For marketers, this partnership hints at the next phase of AI-powered creativity. Not generic outputs, but brand-safe, licensed IP-rich environments where AI can accelerate production without eroding brand equity. We can expect more major publishers and studios to follow suit. The opportunity for brands is to start experimenting with AI in ways that are additive to storytelling, not shortcuts that dilute it.
NZ Government procurement rules update – local ecosystem gets a lift
The fifth edition of the NZ Government Procurement Rules came into effect this month, with clearer guidance on supporting local capability, fair pay, sustainability and broader public value outcomes.
While this may sound procedural, it has real implications for agencies, production companies and media partners working on government-funded campaigns. The directive is clear: transparency, local investment and long-term capability building matter as much as price.
For marketers, particularly in the public and quasi-public sectors, this reinforces the need to think beyond short-term efficiencies. Procurement is increasingly a strategic lever, shaping the media and creative ecosystem itself. Agencies that can demonstrate genuine local economic impact, diversity and sustainable practices that benefit Aotearoa will be better placed.

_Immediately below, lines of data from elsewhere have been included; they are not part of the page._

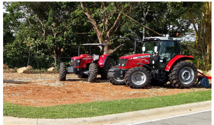
En región Huetar Atlántica se impartió el curso sobre manejo de tractores agrícolas, a productores arroceros. Esta capacitación se trasladaría posteriormente a Upala, Huetar Norte.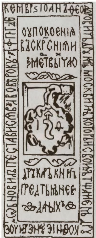
Надгробная плита Ивана Федорова. С рисунка XIX в.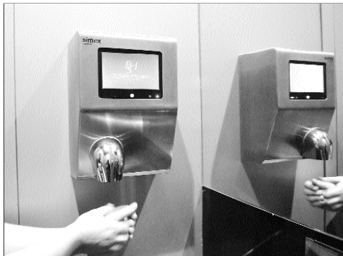
Os baños son unha das zonas máis coidadas e singulares do local.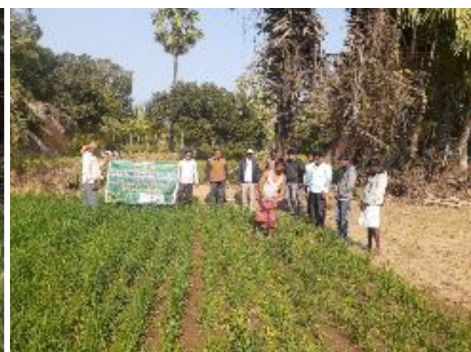
कृषक पाठशाला तीरनगर, प्रखण्ड-मोहनपुर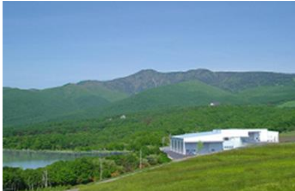
バラギ湖畔の豊富な湧水群に立つ工場

「LOHACO Water」の採水地は、2015年8月にアスクルグループ入りした孺恋銘水の所在地である群馬県吾妻郡孺恋村、日本百名山である四阿山(あずまやさん)の麓です。四阿山の雪融け水が伏流水となって地中深く浸透し、長年かけて安山岩のフィルターを通り地下250mから湧き出した天然水は硬度19の軟水。まろやかで飲みやすく、飲用はもちろんコーヒーやお茶出し、料理に使っても素材の味を引き出すおいしい天然水です。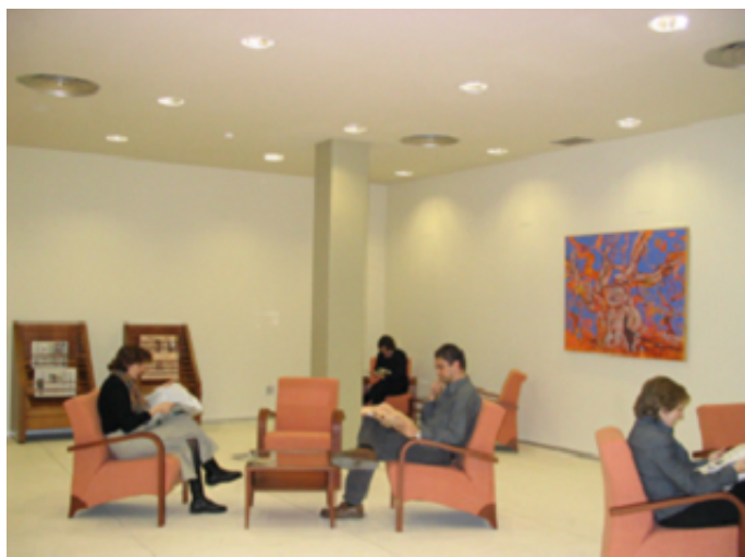
Sala de lectura de Prensa (Planta de acceso)

Esta sala tiene carácter polivalente, en ella se organizan exposiciones temporales de diversa índole.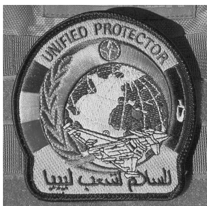
Нарукавная нашивка участника операции «Объединенный защитник» (Италия).

Выход, тем не менее, был найден: Белый дом заявил, что операция в Ливии не может считаться собственно «войной» по той причине, что «[вооруженные силы] Соединенных Штатов играют ограниченную и вспомогательную роль [в составе] международной коалиции... Операции США не предполагают ни продолжительные боевые действия, ни активный обмен огневymi ударами с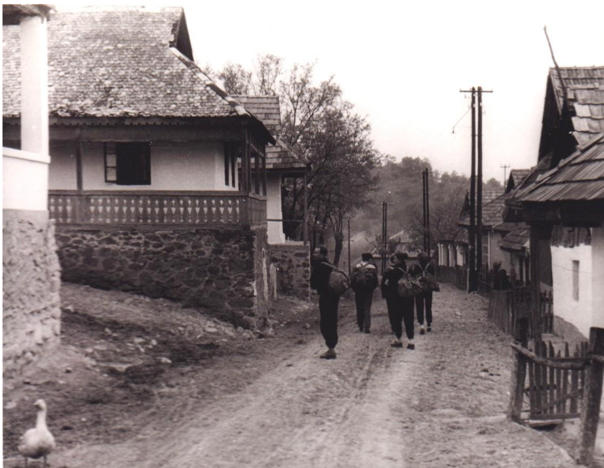
29. 1963. De itt van Debrecenben a Nagyerdő, ezt is fel kell fedezni!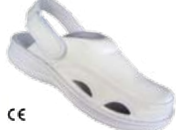
CE EL 91112PB/10 Veľkosti: 42-46 NA OBJEDNÁVKU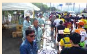
給水ボランティア (NAHAマラソン)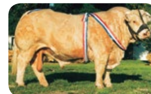
RELIEF - Irmão paterno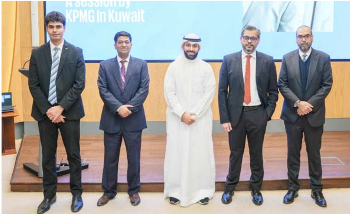
مشاركون في الجلسات التوعوية

اثنين من السنوات الأربع السابقة ضريبة لا تقل قيمتها عن 15 ٪ على الدخل الخاضع للضريبة المحققة في الكويت.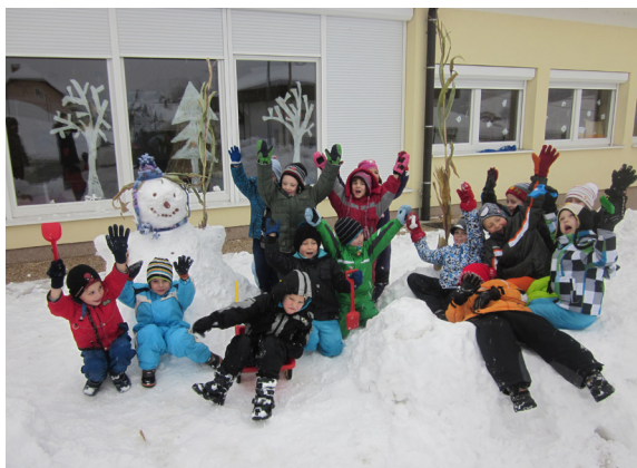
Zabava na snegu

Zima brez snega, bi ne bila zima. Kako čudovito je s prijatelji na snegu.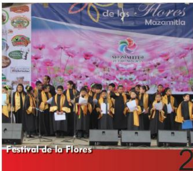
Festival de la Flores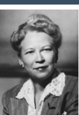
Edith Hinkley Quimby 1891 Física nuclear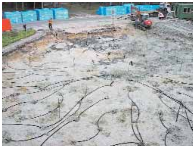
Het netwerk van verticale warmtewisselaars kan in elk bodemtype worden ingebracht. In de buizen stroomt water of een andere milieuvriendelijke vloeistof, zoals propyleenglycol.

Een BEO-systeem verdient zichzelf in tien jaar terug op voorwaarde dat het ontwerp en de dimensionering doorzacht gebeuren. VITO bouwde een voor Vlaanderen unieke expertise uit in dergelijke systemen. Ze voert haalbaarheidsstudies uit in opdracht van bedrijven, ziekenhuizen en overheden. Met een zelf ontwikkelde meetwagen onderzoeken VITO-experts ter plaatse de thermische eigenschappen van de bodem. Ze begeleiden studie bureaus ook bij het hele verdere traject: van ontwerp, over het opstellen van lastenboeken, tot en met de uitvoering van de werken.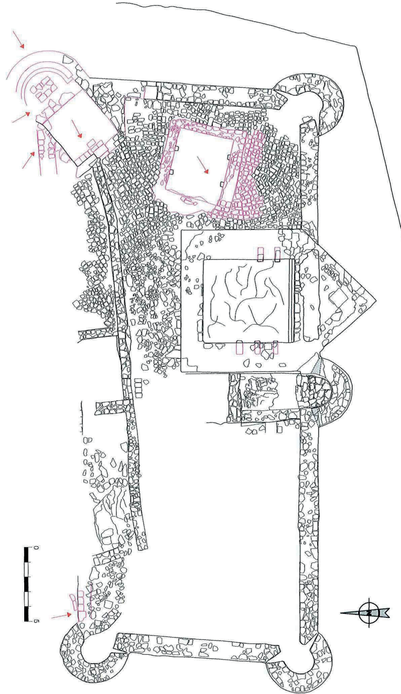
Planta del castillo de Irulegui. 2015.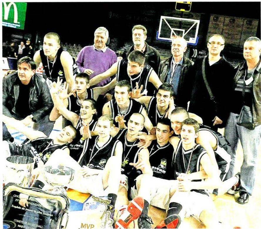
Le KK Zitko version 2011 est-il aussi talentueux que son homologue 2010, vainqueur l'an passé ? Début de réponse aujourd'hui.

Poule Rouge : ESAC San Sebastian (Espagne), BCM Ostrava (Rép. Tchèque), ES Chalon-sur-Saône. Poule Jaune : Reda Basketball (Canada), Stella Azzura Rome (Italie), Cholet Basket. Poule Verte : KK Zitko (Serbie), Joviat La Salle Manresa (Espagne), Orléans Loiret

Media idea we love: Denmark’s rolling papers campaign against drug driving

At a time of year when drug driving peaks, a Danish anti–drug driving campaign has taken a brilliantly simple insight and turned it into a media-first idea: printing road safety messages on rolling papers, placing them directly into the hands of the audience most at risk.
Why we love it:
In-the-moment precision. This is not about mass reach, but relevance. The message appears at the exact moment of behaviour, not hours later in a feed.
Medium as message. The rolling paper is not just a placement, it’s the creative device. No heavy production, no wasted impressions.
Earned amplification. The idea travelled far beyond Denmark because it was smart, human and unexpected, proving that well-judged context still beats brute-force scale.
A strong reminder to end the year on: great media ideas do not always need more tech or more budget. They need better judgement.